Gegenstand 39: Rekombinantes Ty-VLP, welches den Epitopstrang gemäß Gegenstand 38 umfaßt, zur Immunisierung gegen Malaria.
Gegenstand 40: Rekombinantes DNA-Plasmid oder rekombinantes nichtreplizierendes oder bezüglich Replikation beeinträchtigtes Pockenvirus, welches den Epitopstrang gemäß Gegenstand 38 codiert, zur Immunisierung gegen Malaria.
Gegenstand 41: Rekombinantes DNA-Plasmid oder rekombinantes nichtreplizierendes oder bezüglich Replikation beeinträchtigtes Pockenvirus, welches das P. falciparum-Antigen TRAP codiert, zur Immunisierung gegen Malaria.

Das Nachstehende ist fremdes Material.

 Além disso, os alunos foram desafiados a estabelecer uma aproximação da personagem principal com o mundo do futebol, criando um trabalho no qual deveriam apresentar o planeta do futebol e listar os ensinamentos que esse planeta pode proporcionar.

Gegenstand 42: Rekombinantes Vacciniavirus gemäß Gegenstand 40 oder 41 des MVA-Stranges.
Gegenstand 43: Epitopstrang, welcher die in Tabelle 2 aufgelisteten Aminosäuresequenzen umfaßt.

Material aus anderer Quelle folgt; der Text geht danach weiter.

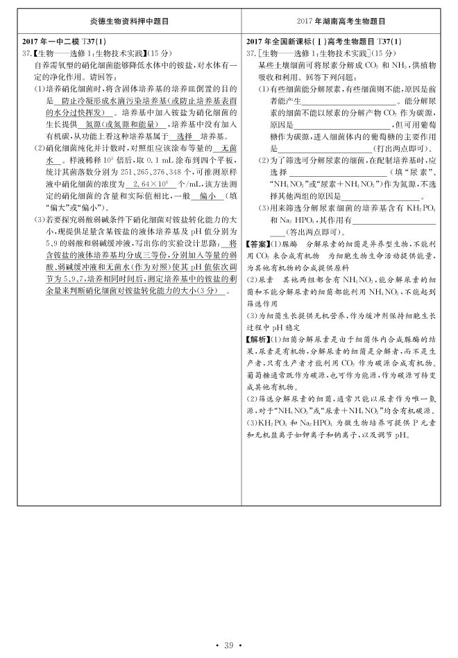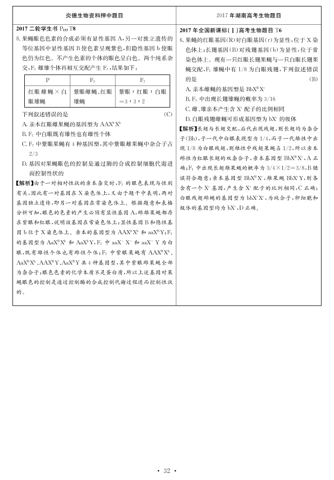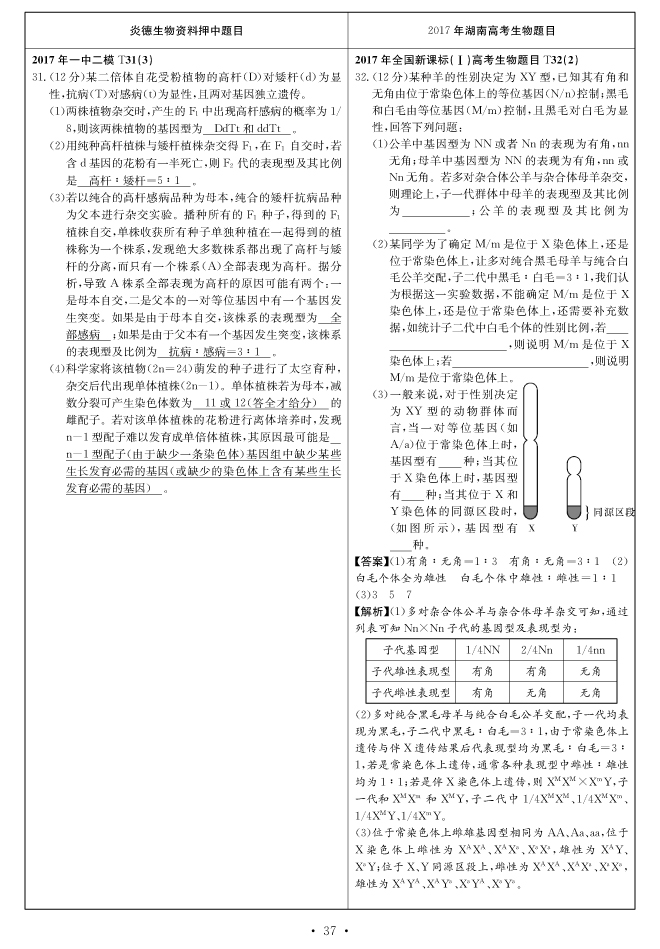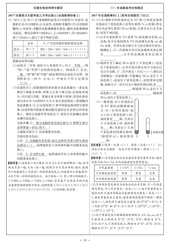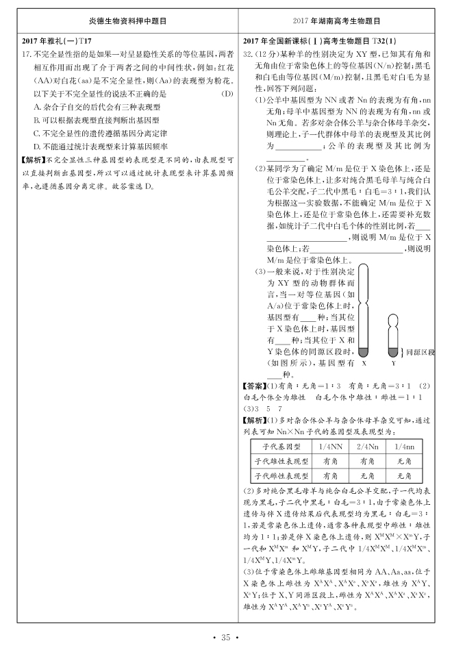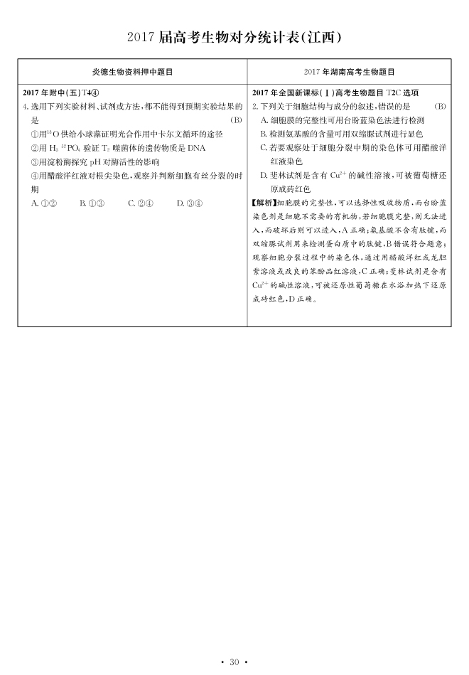 2017高考全國新課標(biāo)卷Ⅰ對(duì)分表-生物

Gegenstand 44: Rekombinantes Polypeptid, welches ein vollständiges oder im wesentlichen vollständiges Proteinantigen, wie TRAP, und eine Folge von zwei oder mehreren Epitopen, wie CTL-Epitopen von Malaria, umfaßt.

ANLAGE SEQUENZPROTOKOLL

Claims

Kit, welches umfaßt: (i) eine Initialisierungszusammensetzung mit einem DNA-Plasmid, das eine Quelle für CD8+ T-Zell-Epitope aus einem Zielantigen von Hepatitis B oder Hepatitis C codiert, zusammen mit einem pharmazeutisch verträglichen Träger, und (ii) eine Verstärkungszusammensetzung mit einem Modified Virus Ankara (MVA)-Vektor, der eine Quelle für CD8+ T-Zell-Epitope aus einem Zielantigen von Hepatitis B oder Hepatitis C codiert, einschließlich mindestens einem CD8+ T-Zell-Epitop, welches das gleiche wie ein CD8+ T-Zell-Epitop der Initialisierungszusammensetzung ist, zusammen mit einem pharmazeutisch verträglichen Träger, für die Verwendung als therapeutischer oder prophylaktischer Impfstoff.

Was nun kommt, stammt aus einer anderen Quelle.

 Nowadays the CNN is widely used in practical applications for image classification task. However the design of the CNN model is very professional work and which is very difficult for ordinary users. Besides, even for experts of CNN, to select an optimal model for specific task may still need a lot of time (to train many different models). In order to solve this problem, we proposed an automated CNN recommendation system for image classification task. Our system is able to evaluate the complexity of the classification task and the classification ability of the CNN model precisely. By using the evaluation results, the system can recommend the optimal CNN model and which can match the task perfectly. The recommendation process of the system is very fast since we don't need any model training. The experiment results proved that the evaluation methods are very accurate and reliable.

Kit nach Anspruch 1, welches weiterhin GM-CSF als ein Adjuvans für die Initialisierungszusammensetzung enthält.
Kit nach Anspruch 1 oder Anspruch 2, wobei die Initialisierungszusammensetzung und/oder die Verstärkungszusammensetzung in partikulärer Form vorliegt, welche zur Verabreichung mittels Genpistole geeignet ist.
Kit nach einem der Ansprüche 1 bis 3, wobei die Verstärkungszusammensetzung in einer Form vorliegt, die für eine intravenöse oder intradermale Verabreichung geeignet ist.
Verwendung einer Initialisierungszusammensetzung und einer Verstärkungszusammensetzung, wie sie in einem der Ansprüche 1 bis 4 definiert sind, für die Herstellung eines Impfstoffs gegen Hepatitis B oder Hepatitis C.
Verwendung eines MVA-Vektors, der eine Quelle für CD8+ T-Zell-Epitope aus einem Zielantigen von Hepatitis B oder Hepatitis C codiert, zur Herstellung eines Medikaments zur Verstärkung einer anders initialisierten CD8+ T-Zell-Immunantwort.